Last night, Nighline did a story about religious reality TV. There are apparently at least three shows now that feature a group of Christians as they try to spread their message, including one called The Uprising. As I watched this show, I was reminded of something I've seen many times as people have tried to convert me back to Christianity and to convert others to Christianity. I've heard stories of how Jesus can change your life and how wonderful Jesus is, and why wouldn't I want to be a part of that?
Sure. I'd love to. Sign me up. I would love more than anything to know that I could live forever after I die in a beautiful, loving place called Heaven with wonderful people like God and Jesus. Where do I sign? Except there's a fundamental problem that these people seem to miss: I don't believe Jesus is real. So before I can possibly accept Jesus into my heart, first they better figure out some way to convince me that Jesus is real. And sorry, most of the testimony I read of how Jesus did this for somebody and Jesus did that for somebody can be chalked up as pure coincidence. While reading the comments to a story on a local newspaper site, a woman said that Jesus healed a sick relative of hers. Well I've been healed many, many times, and so has everybody. News flash -- the body has a way to heal itself. When I get cut, my skin regenerates.
What I'd be curious to hear from this woman who responded to the newspaper story (not that she's reading this post, unfortunately) is how many times she's prayed for people to heal and how many times it has actually worked. Don't get me wrong; I admire the fact that she cares so deeply about these people and I wish everybody cared so much. And so I would venture to guess she has prayed for others many, many times. Does only one or two incidents of the person getting better prove to her that God did it and that God is real? That doesn't cut it for me.

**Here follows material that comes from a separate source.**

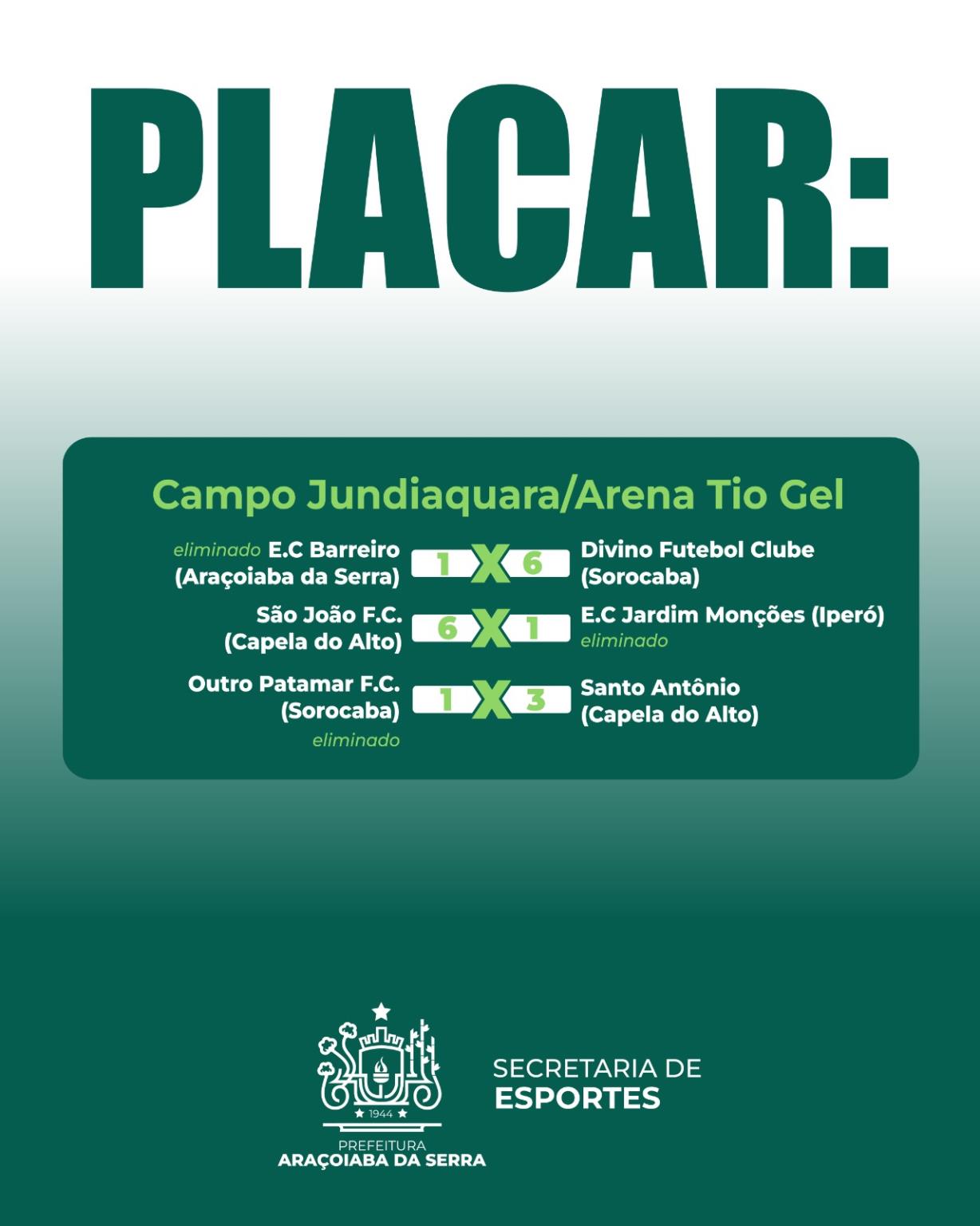 A Prefeitura de Araçoiaba da Serra, por meio da Secretaria de Esportes, Lazer e Juventude, informa que no domingo, dia 12 de abril, foi realizada a 9ª Rodada do Campeonato Intermunicipal de Futebol 2026, no Campo de Futebol Jundiaquara (Arena Tio Gel). A competição reúne 32 equipes da região e segue movimentando o esporte no município. Mais informações, tabela completa e atualizações podem ser acompanhadas em copafacil.com/intermunicipal2026](h

This becomes especially true for me when you start to factor in the fact that this "God" character as described in the Old Testament bears remarkable similarity to the other gods of the time -- gods that nearly all of us, Christians and non-Christians alike, agree that didn't exist.

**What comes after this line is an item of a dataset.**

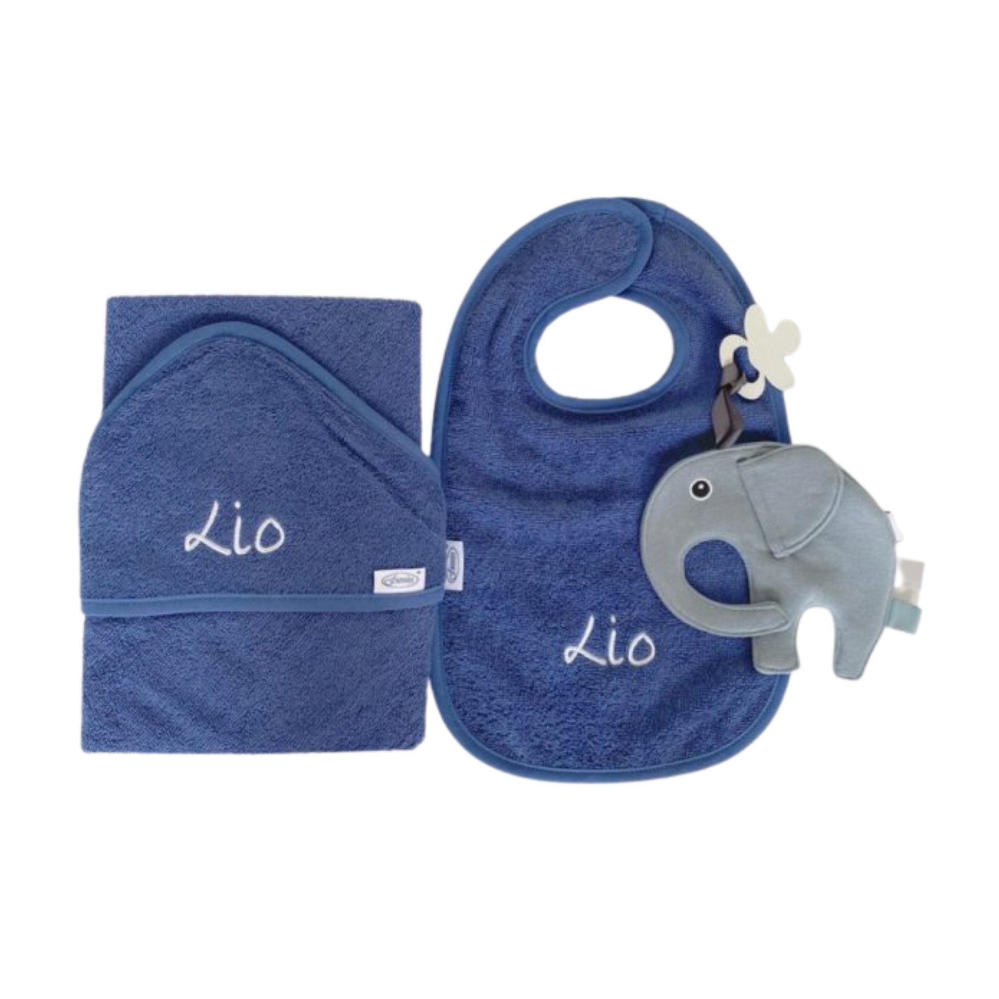 Deze kraamcadeau set bestaat uit een zachte badcape en slabbetje in de kleur Silkblue. De naam van het kindje borduren we in witte letters, deze zijn mooi zichtbaar op de badcape en het slabbetje. Het lettertype op de foto is eigenwijs.

And so if people want to convert me, first they'll have to convince me that Jesus is real. I don't believe it. I used to, but not anymore. Jesus isn't real; God isn't real; the Holy Spirit isn't real. How can I "come back" to Christianity when I realize that these three things don't even exist?
Most people I know who are former Christians are in the same boat as I am: We were incredibly reluctant to leave the religion. After believing and for so long, we tried and tried and tried to find Jesus, to find some sense that he's real. But after time we started to realize that he doesn't exist. Many of us have shed a LOT of tears over this. It's not a happy thing. It's not an angry thing. It's a SAD thing. Ask any former Christian if they felt sad and alone, and they will almost certainly answer YES. It was a horrible, horrible thing to start to realize that this God and this Jesus and this Holy Spirit that we had worshiped and believed in with all of our heart for so many years simply isn't really there.
So people can tell me I'm going to go to Hell, but it won't work, because I don't believe in Hell. They can tell me I obviously wasn't a real Christian because I didn't have the Holy Spirit in me (which I've been told more than once), and I agree: I didn't have the Holy Spirit in me, and neither do you, because the Holy Spirit doesn't exist. They can use all the means they can come up with to convert me, but at a most fundamental basis, none of it will work, because there is no Jesus.